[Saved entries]
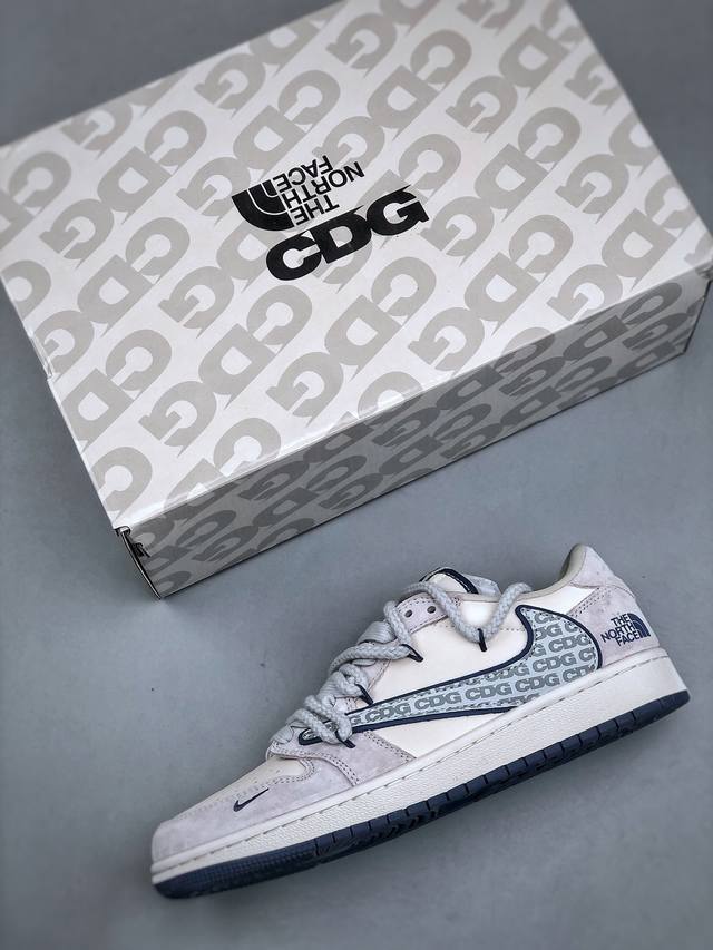 450支持放店 Travis Scott X Fragment Design X Jordan Air Jordan 1 Low Og Sp 乔1北面联名 Cdg米蓝抽绳 低帮文化休闲板鞋 Xx3318-515 #多方联名合作融合了Travis Scott 独特的音乐风格,藤原浩个性的设计风格以及Jordan品牌的经典元素 使其成为一双具有独特身份和价值的鞋子 清新而立体的外观加上联名标识更突出了其独特身份 这种配色方案显示出活力和时尚感 在视觉上引人注目 鞋身的质感和细腻的细节处理使其显得高端而格调十足
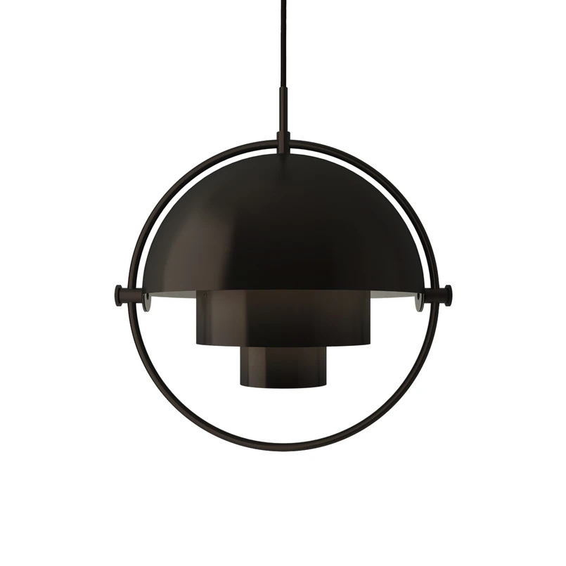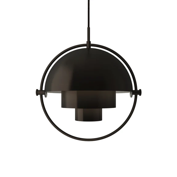 Multi-Lite Pendel Black Brass was designed by Louis Weisdorf back in 1972. It consists of two inner, cylindrical lampshades while the two-quarter lampshades in a spherical shape make up the outer lampshades and can be rotated individually around the axis. The distinct lamp is easily adjusted from one setting to the other, directing the light upwards or downwards, or creating an asymmetrical or artistic light. The construction of the lamp and the adjustable lampshades ensures the utmost functionality and invites you to play around with the light.
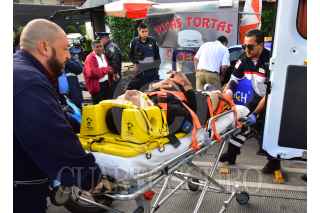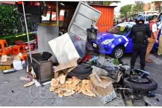 CIUDAD DE MÉXICO, 23AGOSTO2017.- Un motociclista de la Secretaría de Seguridad Pública capitalina fue arrollado por un conductor de una aseguradora que no respetó las señales de tránsito sobre la avenida Chapultepec y doctor Lucio. El policia salió proyectado a un puesto de tortas, porteriormente fue trasladado a un nosocomio con heridas graves. FOTO: ARMANDO MONROY /CUATOSCURO.COM
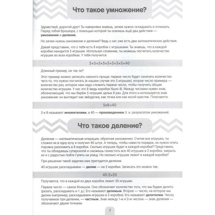 Устный счёт - ключевой навык в математике, от которого зависит скорость решения многих задач. Для того, чтобы закрепить это умение, мы создали серию тренажёров "Таблица умножения". Брошюры рассчитаны на возраст 8-10 лет. "Умный тренажёр" включает в себя подробную инструкцию по работе с таблицей Пифагора и правила умножения. На страницах тренажёра вы найдете разнообразные задания на умножение и деление для ребят, которые только начинают знакомиться с таблицей умножения.
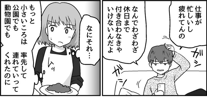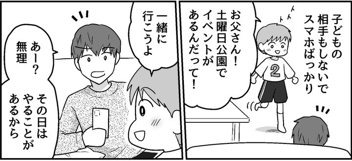 ケントが話しかけても、タカノリはスマホから目を離しません。そして明らかに疎ましそうな声でイベントの誘いを断ったのです。子どもたちが小さいころは積極的に面倒を見て、休日のお出かけにもよく連れていってくれたのに……。
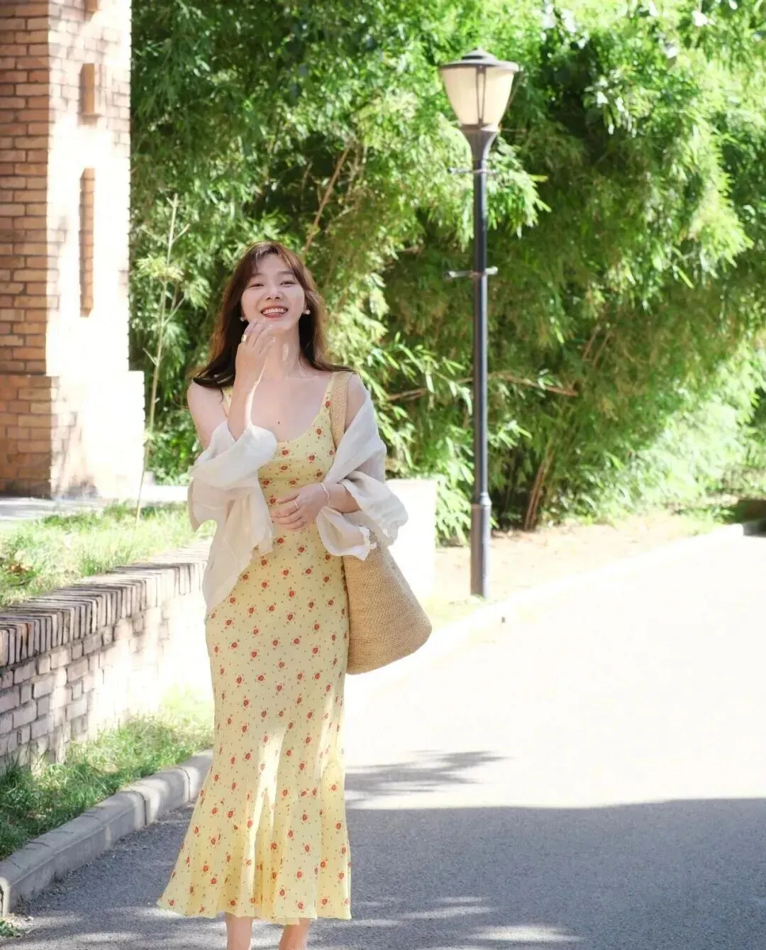 对了 , 还有一个特别俏皮的 , 跨脚站着 , 然后假装要捂嘴笑 , 这个动作真的 , 拍出来好可爱 , 不会僵 , 裙摆在阳光下一晃一晃的 , 少女感直接拉满了好吗!
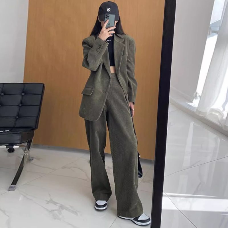 | nameOriginal | Retro Corduroy Suit Jacket Wide Leg Pants Professional Two-Piece Set 2024 Spring and Autumn Fashion Royal Sister Light Mature Wind suit |
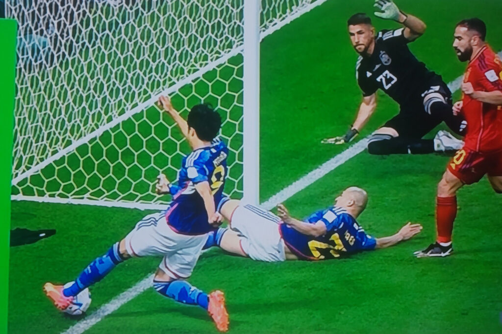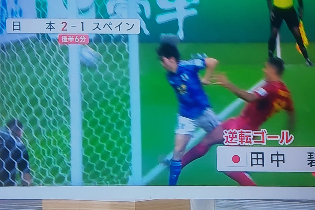 やったー!!!スペインに逆転勝ちして1位で通過!!!コスタリカ戦は何だったの???またまた、やってくれました!!!ボール支配率は、圧倒的にスペインがボールを支配していたけど、終わってみれば、三苫の超ーーーギリギリで折り返す、ナイスアシストを田中が押し込んで2-1で逆転!!!
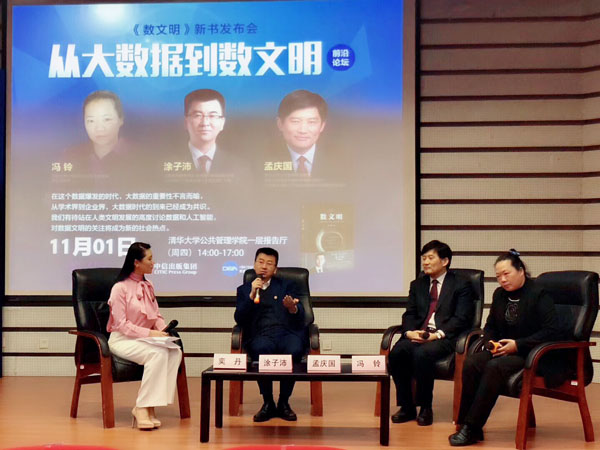 11月1日下午,由清华大学公共管理学院、中信出版集团和中国电子信息行业联合会数据与治理联盟联合举办的“从大数据到数文明前沿论坛暨《数文明》新书发布会”在清华大学公共管理学院报告厅举行。清华公管学院教授孟庆国与大数据先锋思想家涂子沛、清华大学计算机科学与技术系教授冯铃发表主旨演讲,共同探讨论了从大数据到数文明的衍生与发展问题。
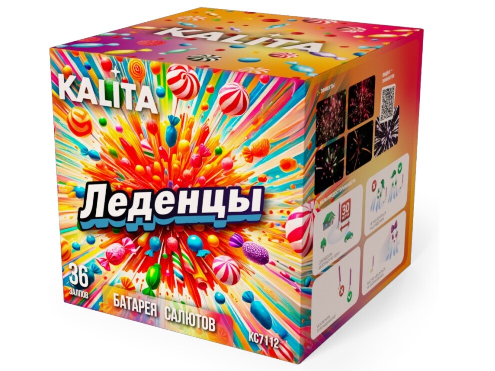Салют отстреливает 36 зарядов калибра 1,0 дюйм 5-ю разнообразными очень красочными эффектами до 45 м высотой за 45 сек.
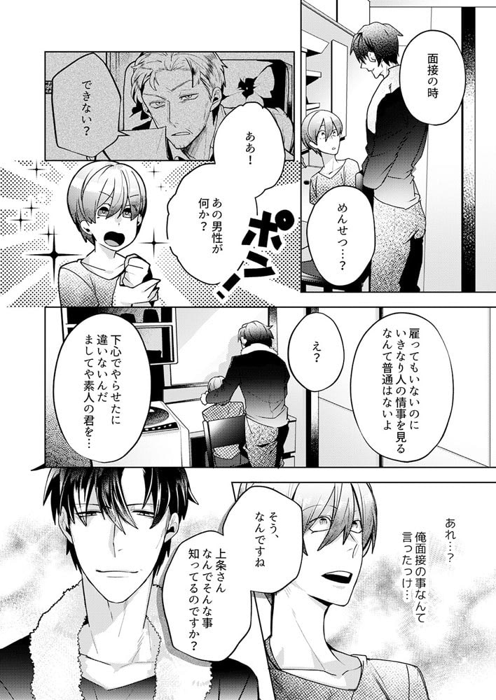 「挿れただけで漏らしたのか?さっきまで処女だったのに」―貧乏な俺は、金のためにゲイビ男優になるべく面接へ。しかし童貞のせいか勃起すらせず失敗…。明日にもアパートを追い出されそうなのに…と思い悩んでいたとき、お隣さんに声をかけられた。渋くて優しいお隣の上条さんは、いつも親切で…そんな上条さんを見ていたらつい「SEXのヤリ方、教えてください!」って叫んでしまい!? チ〇コをシゴかれて、ケツの穴にごつい指がジュポジュポ出たり入ったり。しかも限界まで焦らされて「もうイキた…ッイカかせくださいッ!!」って鳴きながらメスイキさせられて。初めて知った男同士のア●ルセックス、こんなにきもちイイものなのか!?
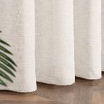 Zasłona na fleksach podwójnych posiada wszyte na stałe mikrofleksy, które są dedykowane do szyn sufitowych. Fleksy to niezwykle elegancki sposób zawieszenia zasłony, tworząc stałe fałdy, zapewniają ich równoległe rozmieszczenie i efektownie opadające. Bogata tkanina w kolorze ecru została wzbogacona o dekoracyjny element, jakim jest srebrna nitka znajdująca się po całości, która efektownie połyskuje w świetle naturalnym oraz sztucznym. Oryginalna tkanina dzięki swoim właściwościom strukturalnym i grubszym splocie świetnie się ułoży, tworząc samodzielną i elegancką dekorację okna.
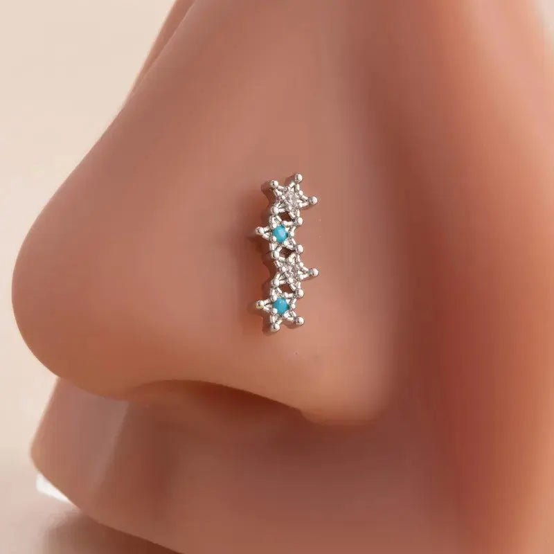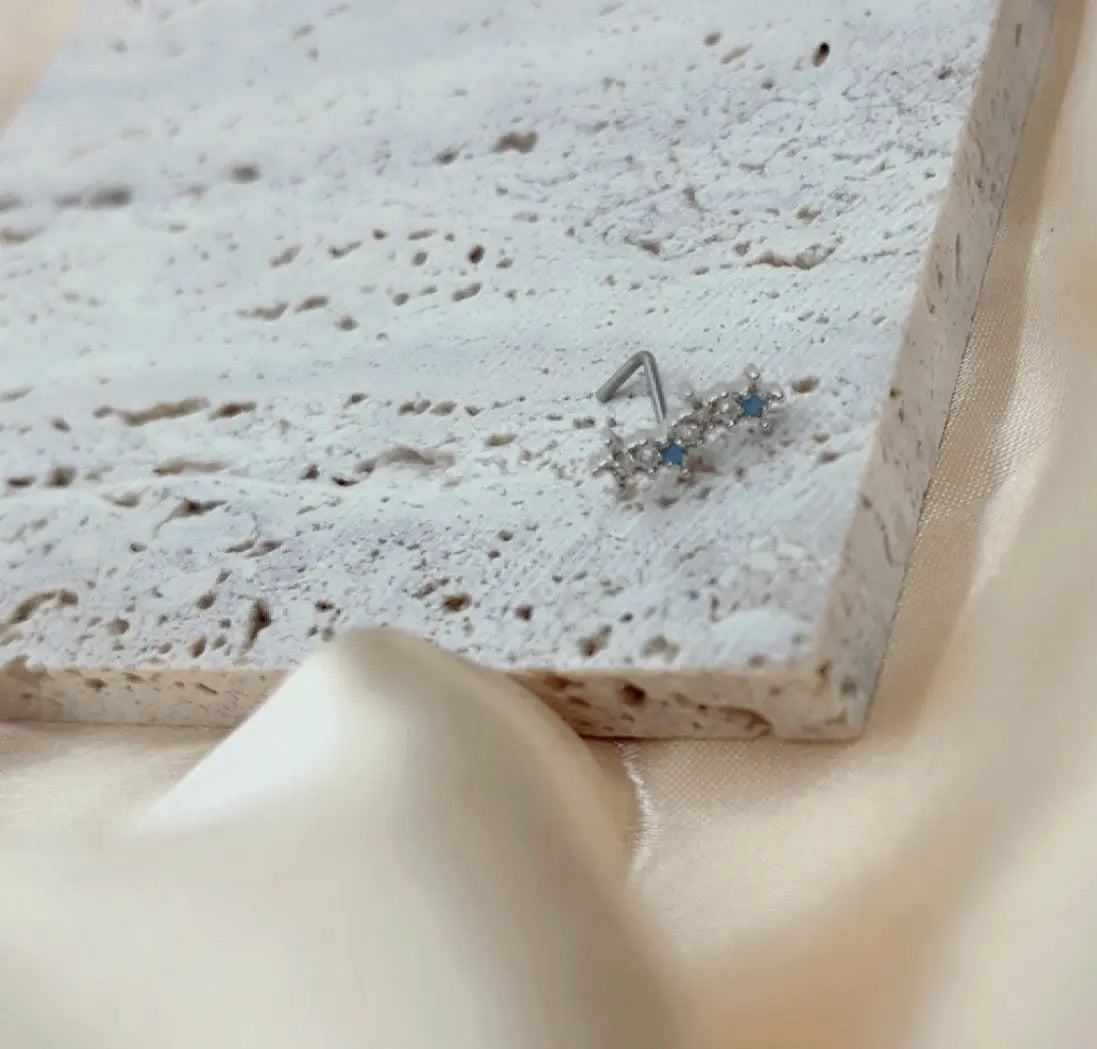 Piercing Nez Argenté Étoiles – Strass Bleu Azur & Blanc – Acier Inoxydable, Tige en L "Tahina Argenté"
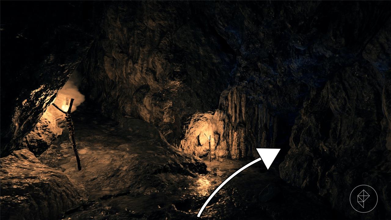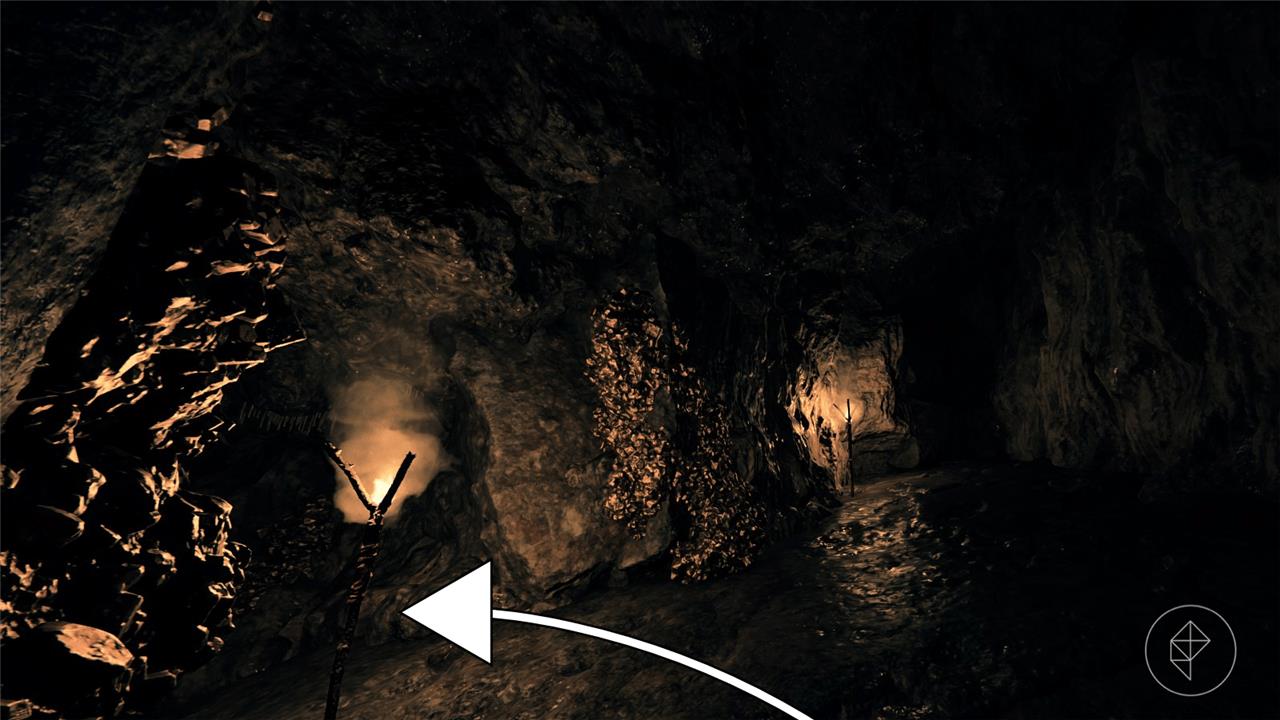 - Continue forward through the cave until you reach the first fork in the road. The left path will lead to the rope gun, but the right path will lead to a page that will provide a little lore.

Task description: Looking above, find the stretch of lines that opens with the one holding "Multi-Lite Pendel Black" and closes with the one holding "やったー!!!スペインに逆転". Copy it exactly, pictures excluded.

Solution to this problem:
 Multi-Lite Pendel Black Brass was designed by Louis Weisdorf back in 1972. It consists of two inner, cylindrical lampshades while the two-quarter lampshades in a spherical shape make up the outer lampshades and can be rotated individually around the axis. The distinct lamp is easily adjusted from one setting to the other, directing the light upwards or downwards, or creating an asymmetrical or artistic light. The construction of the lamp and the adjustable lampshades ensures the utmost functionality and invites you to play around with the light.
 CIUDAD DE MÉXICO, 23AGOSTO2017.- Un motociclista de la Secretaría de Seguridad Pública capitalina fue arrollado por un conductor de una aseguradora que no respetó las señales de tránsito sobre la avenida Chapultepec y doctor Lucio. El policia salió proyectado a un puesto de tortas, porteriormente fue trasladado a un nosocomio con heridas graves. FOTO: ARMANDO MONROY /CUATOSCURO.COM
 Устный счёт - ключевой навык в математике, от которого зависит скорость решения многих задач. Для того, чтобы закрепить это умение, мы создали серию тренажёров "Таблица умножения". Брошюры рассчитаны на возраст 8-10 лет. "Умный тренажёр" включает в себя подробную инструкцию по работе с таблицей Пифагора и правила умножения. На страницах тренажёра вы найдете разнообразные задания на умножение и деление для ребят, которые только начинают знакомиться с таблицей умножения.
 ケントが話しかけても、タカノリはスマホから目を離しません。そして明らかに疎ましそうな声でイベントの誘いを断ったのです。子どもたちが小さいころは積極的に面倒を見て、休日のお出かけにもよく連れていってくれたのに……。
 对了 , 还有一个特别俏皮的 , 跨脚站着 , 然后假装要捂嘴笑 , 这个动作真的 , 拍出来好可爱 , 不会僵 , 裙摆在阳光下一晃一晃的 , 少女感直接拉满了好吗!
 | nameOriginal | Retro Corduroy Suit Jacket Wide Leg Pants Professional Two-Piece Set 2024 Spring and Autumn Fashion Royal Sister Light Mature Wind suit |
 やったー!!!スペインに逆転勝ちして1位で通過!!!コスタリカ戦は何だったの???またまた、やってくれました!!!ボール支配率は、圧倒的にスペインがボールを支配していたけど、終わってみれば、三苫の超ーーーギリギリで折り返す、ナイスアシストを田中が押し込んで2-1で逆転!!!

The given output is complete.